(Beginning of Material provided)
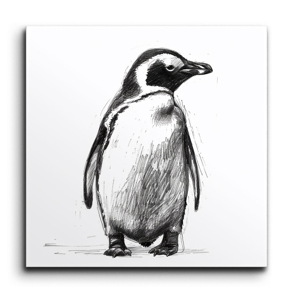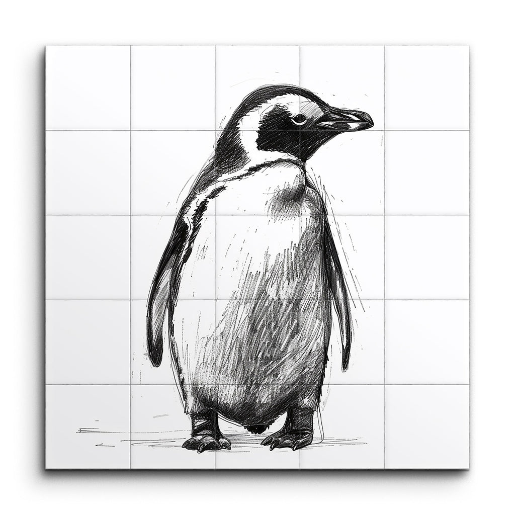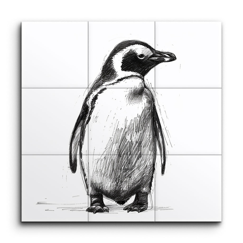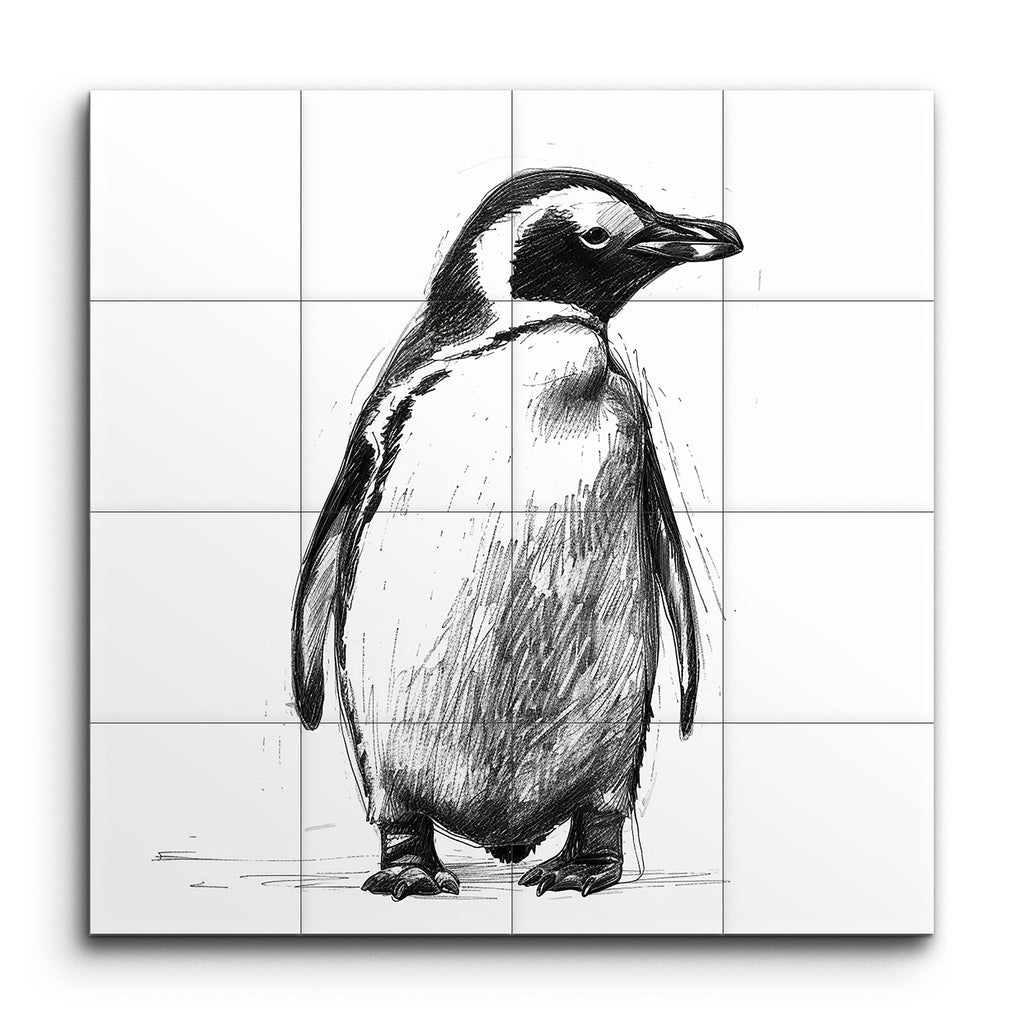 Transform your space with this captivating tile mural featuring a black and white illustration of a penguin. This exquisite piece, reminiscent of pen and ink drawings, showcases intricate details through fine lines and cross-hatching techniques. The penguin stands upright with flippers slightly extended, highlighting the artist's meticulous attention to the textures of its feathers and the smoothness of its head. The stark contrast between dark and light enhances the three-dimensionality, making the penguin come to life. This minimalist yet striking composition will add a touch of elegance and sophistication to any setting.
(End of Material provided)
(Beginning of Material provided)
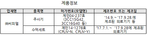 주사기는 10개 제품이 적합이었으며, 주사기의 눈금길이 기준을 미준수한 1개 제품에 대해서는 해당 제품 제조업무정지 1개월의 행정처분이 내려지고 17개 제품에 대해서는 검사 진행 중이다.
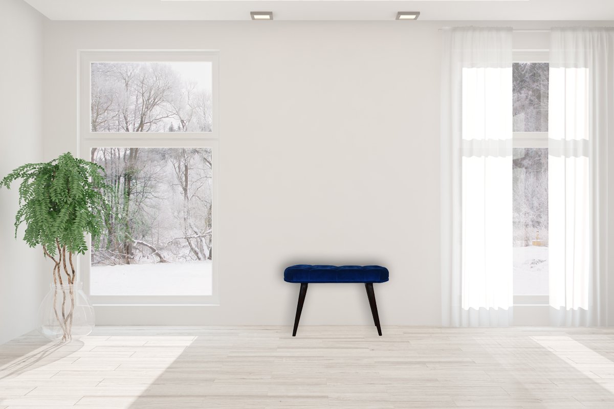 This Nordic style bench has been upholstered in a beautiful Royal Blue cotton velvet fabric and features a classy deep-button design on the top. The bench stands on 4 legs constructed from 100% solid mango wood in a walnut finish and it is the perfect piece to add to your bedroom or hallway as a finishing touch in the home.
(End of Material provided)
Print, word for word, the lines above that run from the line containing "주사기는 10개 제품이" to the line containing "This Nordic style", both included. Keep the pictures out.

• _Answer to this exercise_:
 주사기는 10개 제품이 적합이었으며, 주사기의 눈금길이 기준을 미준수한 1개 제품에 대해서는 해당 제품 제조업무정지 1개월의 행정처분이 내려지고 17개 제품에 대해서는 검사 진행 중이다.
 This Nordic style bench has been upholstered in a beautiful Royal Blue cotton velvet fabric and features a classy deep-button design on the top. The bench stands on 4 legs constructed from 100% solid mango wood in a walnut finish and it is the perfect piece to add to your bedroom or hallway as a finishing touch in the home.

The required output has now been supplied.